The LOV2 domain was then PCRed up using these primers to ensure the finished PCR product had the correct biobrick ends.
Figure 3: Image showing LOV2 PCR product run on gel
- The sequence for LOV2 contains an illegal pst1 site, therefore we performed one round of site-directed mutagenesis on it using the forward and reverse SDM primers shown in Table 1.
| Name of the primer | Sequence | Melting Temperature (oC) |
| LOV2 Forward | 5'-GTGTGTGAATTCGCGGCCGCTTCTAGAGTCGCTGAAGGATCCAAGG-3' | 73 |
| LOV2 Reverse | 5'-GTGTGTCTGCAGCGGCCGCTACTAGTATTATTAAACGTGGTCGGAACC-3' | 72 |
| LOV2 SDM Forward | 5'-CGCAAAGGCGGTCTTCAGTACTTCATTGGTG-3' | 64 |
| LOV2 SDM Reverse | 5'-CACCAATGAAGTACTGAAGACCGCCTTTGCG-3' | 65 |
- Streaked LOV2 containing DH5alpha from glycerol stocks onto 1mM IPTG and Ampicillan agar plates. Kept in dark for 3 hours at 30 degrees. Used Blak Ray lamp, and transilluminator on plates to visualise any fluorescence. No fluorescence was seen.

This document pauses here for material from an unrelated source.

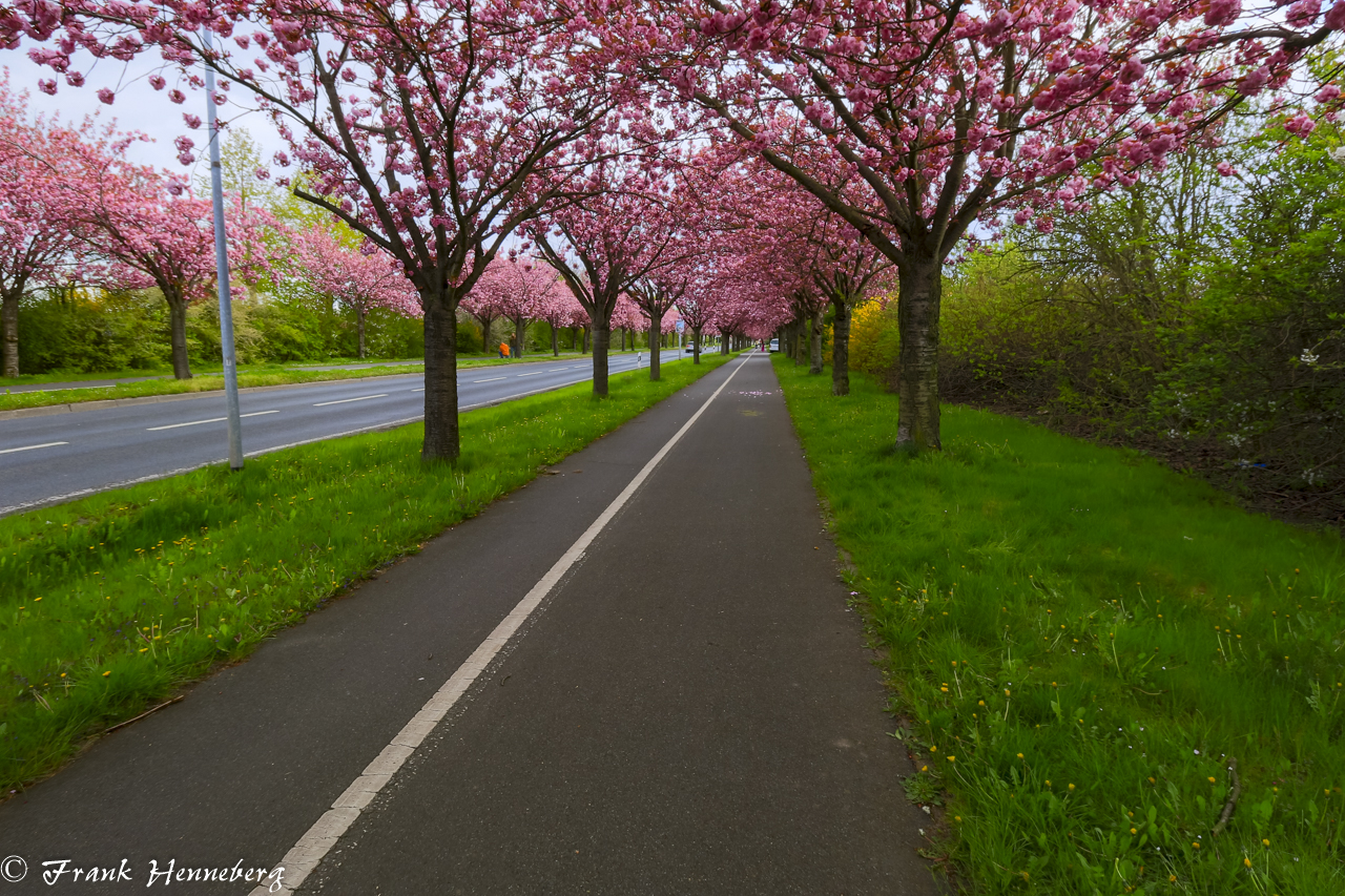 Entlang der Straße bieten die Bäume im Frühjahr ein wunderschönes Bild.

Figure 1: Image showing LOV2 containing DH5alpha plated on IPTG and Ampicillan plate. No fluorescence can be seen.
Made up liquid cultures of DH5alpha + LOV2 in 2ml of LB + 2 microlitres Ampicillan. Liquid cultures grown for 4 hours and then 0.5 ml plated onto plates with varying concentrations of IPTG and with 1mM Ampicillan. These were then wrapped in tinfoil and allowed to grow in the 30 degree incubator for 24 hours. They were tested for fluorescence using both the Blak Ray lamp and the transilluminator with riboflavin as a positive control. No fluorescence was seen.
Liquid cultures were grown, then transferred to varying concentrations of IPTG, kept in darkness and incubated at 30 degrees for 3 hours. These were then illumuinated using the transilluminator and the Blak Ray lamp to test for fluorescence. Riboflaving was used as a positive control, and ready grown Top 10 cells without the LOV2 domain were used as a negative control. No illumination was seen of the LOV2 domain.

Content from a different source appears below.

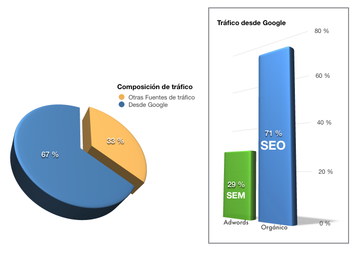 El estudio de FLAT101 divide las fuentes de tráfico en orgánico, adwords, directo, email y referal. Lo primero que salta a la vista es que el 66,55% del tráfico en los e-commerce estudiados, proviene de Google. ¡Un 66%! No es de extrañar que muchas empresas después de probar Google, no deseen vivir sin él. Es muy probable que esa cifra sea aún mucho más elevada para marcas desconocidas. En todo caso, esta cifra no sólo refleja la importancia del buscador hoy en día, sino que también refleja la importancia del SEO, pues el 71% de todo ese tráfico proveniente de Google es tráfico SEO: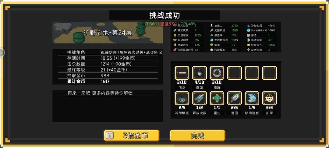 这关目前我有两种思路过关。①第一种:就是主修飞剑拼人品,飞剑-0.5秒CD吃到大概5个/6个以后就可以实现零CD无限飞剑,飞剑是所有成型最快的一个,但完全看运气,可能坚持不到就凉了。 ②第二种:就是跑酷流,前期先发育一会儿,拿闪电鞭,毒圈,炸弹,冲击波这种随身移动的,方便跑路,主修闪避和移速等保命技能,点满的话接近50%的闪避几率,当清不掉怪的时候(一般是第一个boss出现的时候)就开始跑。 注

Figure 2: Image showing liquid culture of DH5alpha cells grown with IPTG compared to positive control riboflavin for fluorescence.

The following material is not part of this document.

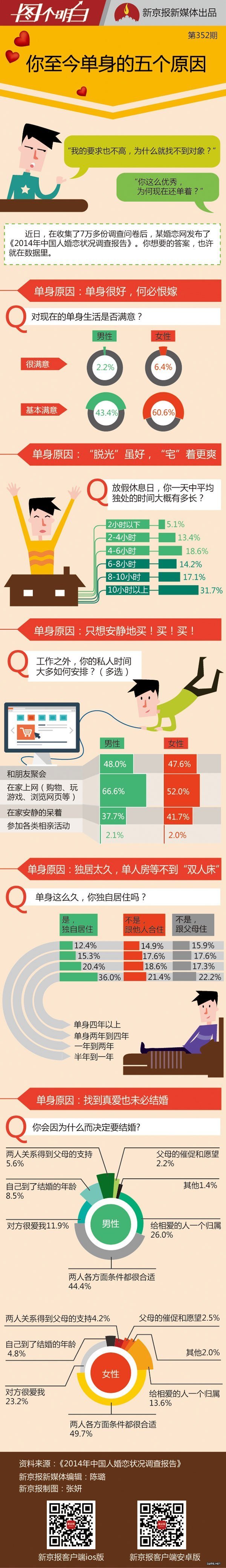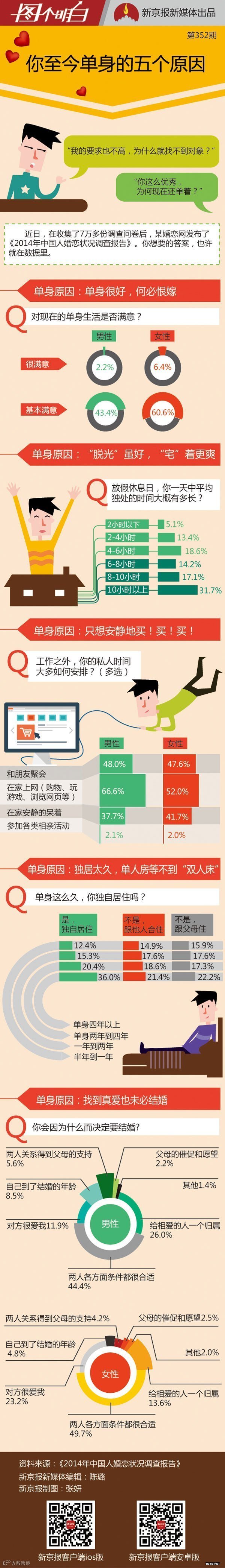 “我的要求也不高,为什么就找不到对象?” “你这么优秀,为何现在还单着?”近日,在收集了7万多份调查问卷后,某婚恋网发布了《2014年中国人婚恋状况调查报告》。你想要的答案,也许就在数据里。

Illumination was tested by spinning down overnight cells containing LOV2 into a pellet and transilluminating with riboflavin as a positive control. No fluorescence was seen.
Although we had difficulties in making the LOV domain fluoresce, our restriction digest and the sequence support that we have the LOV2 domain.
Results
iLOV Results
Aims
1) Design iLOV construct to be synthesised
2) Get iLOV synthesised
3)Transform iLOV cells and make fluoresce
4)Ligate iLOV into sybmission vector
5)Submit iLOV
Methods
iLOV was synthesised to get rid of illegal restriction sites. It was synthesised in such a way that it contains an RBS and a double terminator.
This synethesised product was then ligated into the sumbission vector and submitted to the registry.